Pakistan Economy: Inflation and interest rates – projections lifted for 2022/23

  • We update our inflation and interest rate expectations after the SBP increased the Policy Rate by 250bps to 12.25%

  • We agree with the SBP’s assessment that interest rates have peaked for now, if near-term distortions to CPI are ignored

  • Our Textile sector earnings will face a double-whammy as a result of the policy rate and EFS rate hike by 7% on average

IMS Research Team
Intermarket Securities
18 April 2022

Inflation and Interest Rates: Projections lifted for 2022/23  

We update our inflation and interest rate expectations after the SBP increased the Policy Rate by 250bps to 12.25% earlier this month in an emergency meeting. National CPI has averaged 12.6% CYTD and is likely to be north of 15% over the next few months if the subsidies on fuel and electricity are withdrawn. The SBP expects CPI to average 11% in FY22, before moderating in FY23. While we think there are upside risks to the SBP’s projections, we agree with the central bank’s assessment that interest rates have peaked for now, especially if near term distortions to CPI are ignored. The SBP’s decision to alter the calendar of MPC meeting and cancel the scheduled meeting for April backs this view. We expect the Policy Rate to persist at 12.25% across the rest of 2022 and expect monetary easing again in 1Q 2023. While our 2022/23 inflation and interest rate projections are now higher, estimates remain unchanged over the medium-term. Risks of tighter monetary policy settings emanates from talks with the IMF, which may push for further tightening.

Risk-Free Rate: Slight increase to 11.5%

Over the last c 15yrs - during which Pakistan has gone several expansionary and contractionary phases - the 10yr PIB has averaged 11.2%. We think this is an appropriate benchmark for the risk-free rate to employ in valuing domestic assets. That said, we prudently lift our risk-free rate by 50bps to 11.50%.
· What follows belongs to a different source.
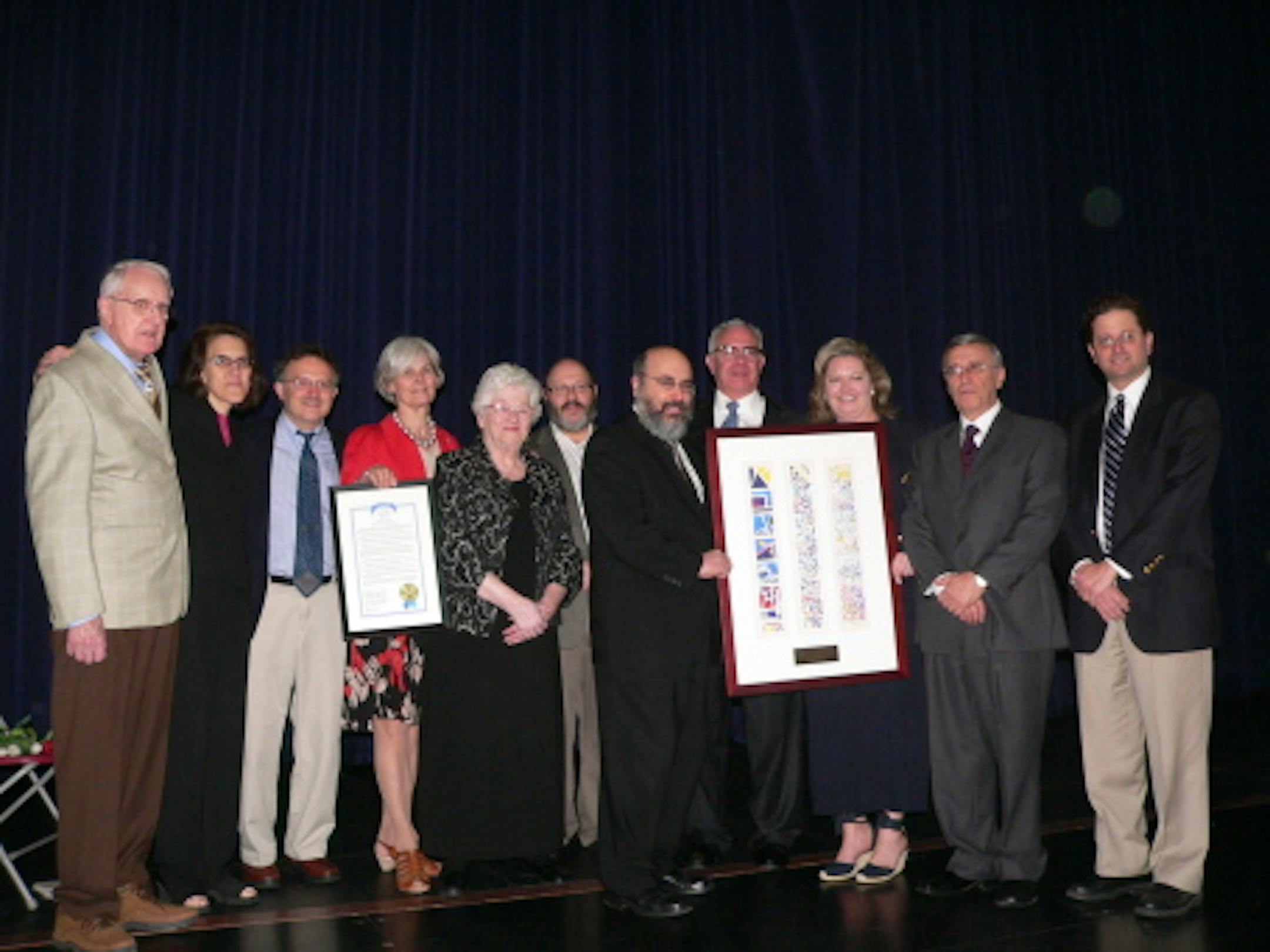 Participants in the event included (pictured from left to right): Pastor Peter Thomsen; Rabbi Sharon Stiefel; Prof. Jan Schwarz; Consul Anelise Sawkins; Judith Meisel; Rabbi Morris Allen; Rabbi Chaim Goldberger; Mark Savin; Rikke Dierssen-Morice; Cantor Gustav Goldberger; and Steve Hunegs.

Textile sector earnings to falter amid change in Export Refinance Scheme

The Textile sector earnings will witness a double-whammy as a result of the recently announced Monetary Policy, in our view, due to the rise in both the policy rate and Export Refinance rate. We highlight that the change in the Export Refinance Scheme from 3.0% to 5.5% jolts earnings more than the change in Kibor, as the majority of short-term borrowings are through this scheme. Hence, our IMS Textile Universe earnings are likely to decline by 7% in FY23.